We should all thank Congressman Mike Simpson for his willingness to invest in Endangered Species Recovery every year over the last decade through support for public-private partnerships. Specifically he has used his leadership on the House Appropriations Committee to urge the U.S. Fish and Wildlife Service to support non-government organizations, such as The Peregrine Fund, in our partnership with public agencies, to recover species such as the California condor and aplomado falcon.
The majority of funds have been raised from the private sector but the grants from the U.S. Fish and Wildlife Service to The Peregrine Fund, San Diego Zoo and other NGO’s across the country are essential for maintaining the level of investment necessary to recover these species.
The California condor dwindled to only 22 individuals by 1987 when the entire remaining population was taken into captivity in an effort to prevent the species’ extinction. Today there are 457 California condors in existence thanks to a focused effort by private and public partners.

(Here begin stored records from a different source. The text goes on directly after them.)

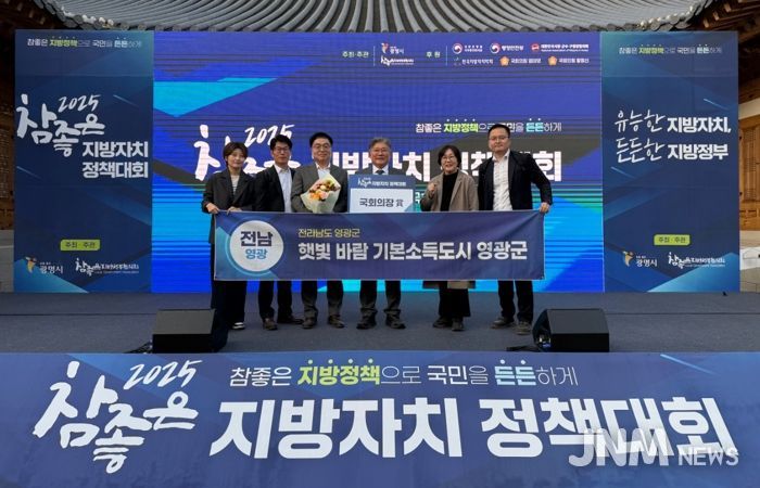 제이앤엠뉴스 | 영광군은 7일 국회의사당 사랑재에서 열린 ‘2025 참좋은 지방자치 정책대회’에서 ‘햇빛바람 기본소득’ 정책을 발표하며 국회의장상을 수상했다.
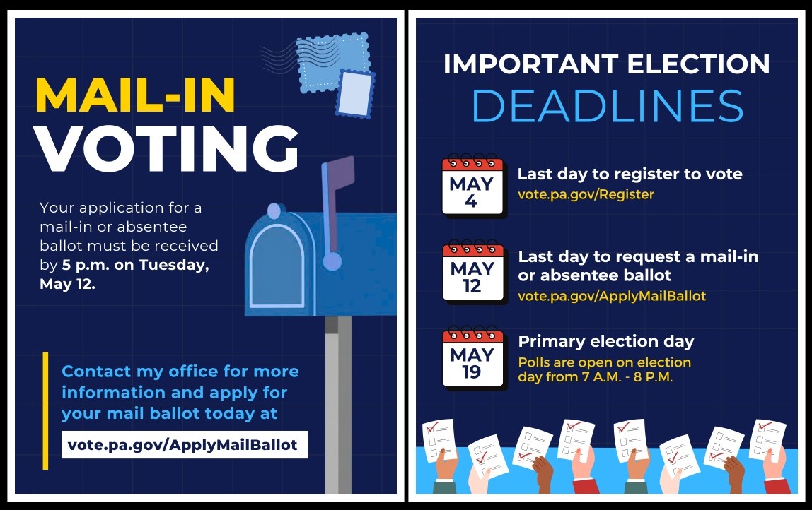 Mail-in ballots are a simple, safe, and secure way to make sure your voice is heard. To request your mail-in ballot, visit votespa.com.
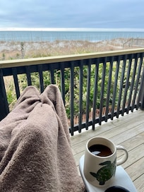 The condo was absolutely beautiful with a wonderful and clear view of the beach and ocean. Even saw a whale breech the waves one day- A first for me down here! The newly changed oceanfront windows were perfect when it was too cold, windy, or rainy to sit on the porch. And when I could, I wrapped up in my coat, hat, and blanket and sat outside to take it all in - lots of space and privacy. The bed was comfortable (would be great to have black out curtains for the early morning hours), and the kitchen was well stocked with everything I needed. The smart TV was great as well to catch up on Netflix shows and watch movies on prime at night and when it was raining. It was very clean and had a mild air freshener somewhere that kept the clean & fresh smell always present (mild nice scent and definitely not overwhelming). The only bummer was the fire place wasn’t working. I’d never seen a fire place at the beach but this weekend was exceptionally cold and windy, and I was looking forward to the fire and the added relaxing ambience fires give when it’s cold & rainy. Maybe next winter. The other thing was the TV in the master wouldn’t turn on despite using all remotes- most likely was out of batteries I’m guessing. Still, that was not a big deal either as the sofa in the main room was really comfy to curl up on and watch from there. Truly loved my weekend away to recharge in this beautiful condo with the amazing views of the ocean and steps to the sand. Thank you for sharing your home!
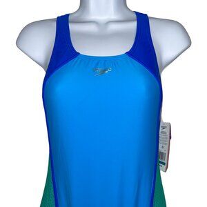 NWT Speedo No Wedgie Worries One Piece Swimsuit Youth 16 Girls Lined Patchwork

The largest captive breeding flock is in Boise at The Peregrine Fund’s World Center for Birds of Prey. These 15 pairs produce 12 to 20 young each year, many of which are released into the Grand Canyon when ready to join the now wild population there. The Peregrine Fund’s ability to play this role in the recovery of the California condor is only possible due to our private supporters and the grants provided as a result of Rep. Simpson’s support.

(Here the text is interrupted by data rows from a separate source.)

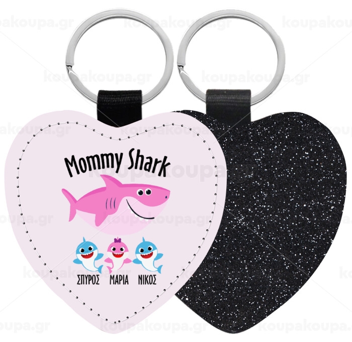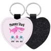 Mommy Shark (με ονόματα παιδικά), Μπρελόκ PU δερμάτινο glitter καρδιά ΜΑΥΡΟ
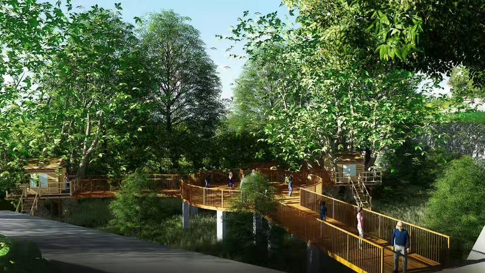 目前,园区内的水上餐厅、树屋群落、荷塘月色、观景台等特色景点也正在施工建设。周边的村民对观光园满怀期待,不时来查看建设情况,大家都盼望着奇果生态园能早日竣工。
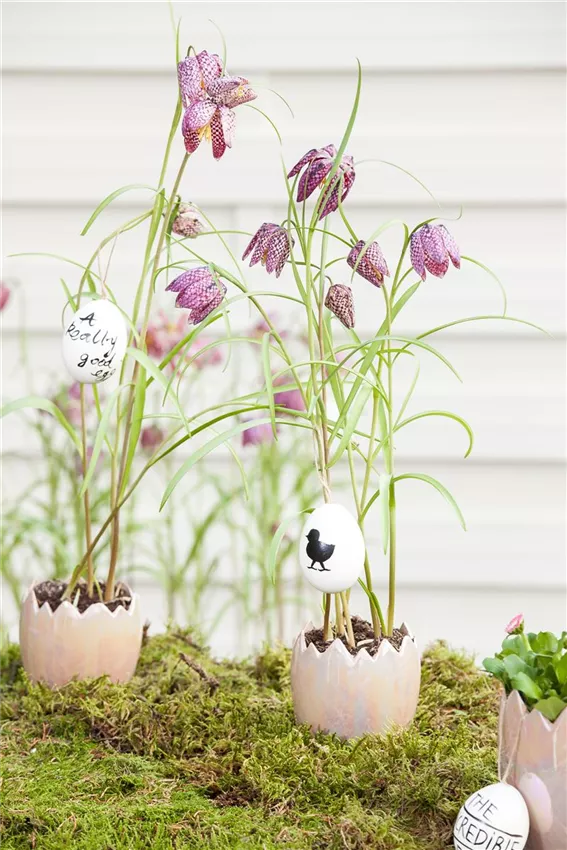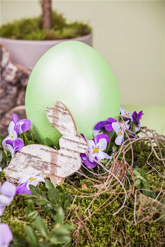 Vögel bereiten ihre Nester für ihren Nachwuchs vor und machen es ihnen besonders bequem. Das passiert jetzt auch mit dem Netz im Osterkranz. Dafür wird das kleine Nest mit Moos ausgekleidet, sodass eine flache Ebene entsteht. Die Eier werden oben so aufgeschlagen, dass die Öffnung groß genug ist, damit die Wurzeln der Pflanzen in die Eierschale passen. Die Eier werden dann ausgespült und bekommen mit Draht und Heißkleber ein Füßchen, mit dem die Eier ganz leicht in das Moos gesteckt werden können. Und dann können die Pflänzchen einziehen.
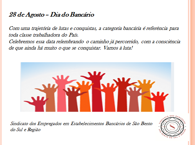 DIA NACIONAL DOS BANCÁRIOS – 28/08 Publicado em 28 de agosto de 2019 | Geral Compartilhe isso:Clique para compartilhar no Twitter(abre em nova janela)Clique para compartilhar no Facebook(abre em nova janela) Relacionado
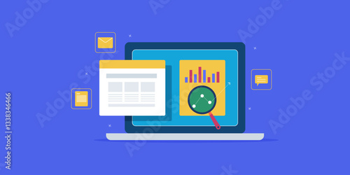 Digital marketing and website performance SEO report on laptop screen, website traffic, user conversion and return on investment e-business concept.
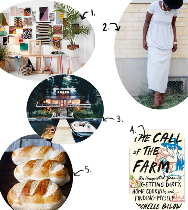 1. Some pretty wall inspiration. 2. Summer night dress pattern. 3. I don’t know where this is, but I want to be there now. 4. Intriguing book to add to my reading list. 5. Cute little french breads.

The endangered aplomado falcon, an elegant native falcon of southwestern grasslands disappeared from the U.S. by the middle of the last century. The combination of pesticides (especially DDT), loss of habitat and direct persecution were most likely the culprits for their extirpation.
But favorable environmental factors returned to the U.S. and The Peregrine Fund received permits from the Mexican government to secure nestlings and raise them in Boise to serve as parents for aplomado falcons to be released in Texas and New Mexico.

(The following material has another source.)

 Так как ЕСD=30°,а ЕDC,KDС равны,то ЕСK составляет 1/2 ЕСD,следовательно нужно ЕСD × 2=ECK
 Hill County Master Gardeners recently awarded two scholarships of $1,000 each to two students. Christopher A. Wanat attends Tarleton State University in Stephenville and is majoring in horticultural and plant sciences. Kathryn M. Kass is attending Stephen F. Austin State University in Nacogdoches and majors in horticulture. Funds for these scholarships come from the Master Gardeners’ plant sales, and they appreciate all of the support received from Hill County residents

We raised in Boise and released into the wild nearly 2,000 juvenile falcons over the past 20 years. As a result, today there are 39 pairs nesting in the wild in South Texas — a population that appears sustainable and another huge success for private:public partnerships in restoring Endangered Species.
The Peregrine Fund raises most of the funding for the Aplomado Falcon Restoration Program from private donors. But again, Rep. Simpson has supported this partnership through his work in Congress and we have realized partial financial support for the program, as well as deepened our working relationship with the U.S. Fish and Wildlife Service to recover this endangered species together.
Across America, private organizations, individuals and companies are working with public agencies to recover endangered species and to prevent others from becoming listed under the Endangered Species Act. Congressman Simpson continues to play a key role in seeing that public funds are invested wisely alongside private dollars and volunteered time to conserve America’s wildlife heritage. He has also championed legislation to name the Snake River Birds of Prey National Conservation Area after longtime advocate Morley Nelson, and most recently enacted legislation which expanded the conservation area to further the goals of protecting important eagle and raptor habitat. Idahoans and all Americans should thank Congressman Simpson for his work in support of recovery of endangered species.
Richard T. Watson is CEO of The Peregrine Fund.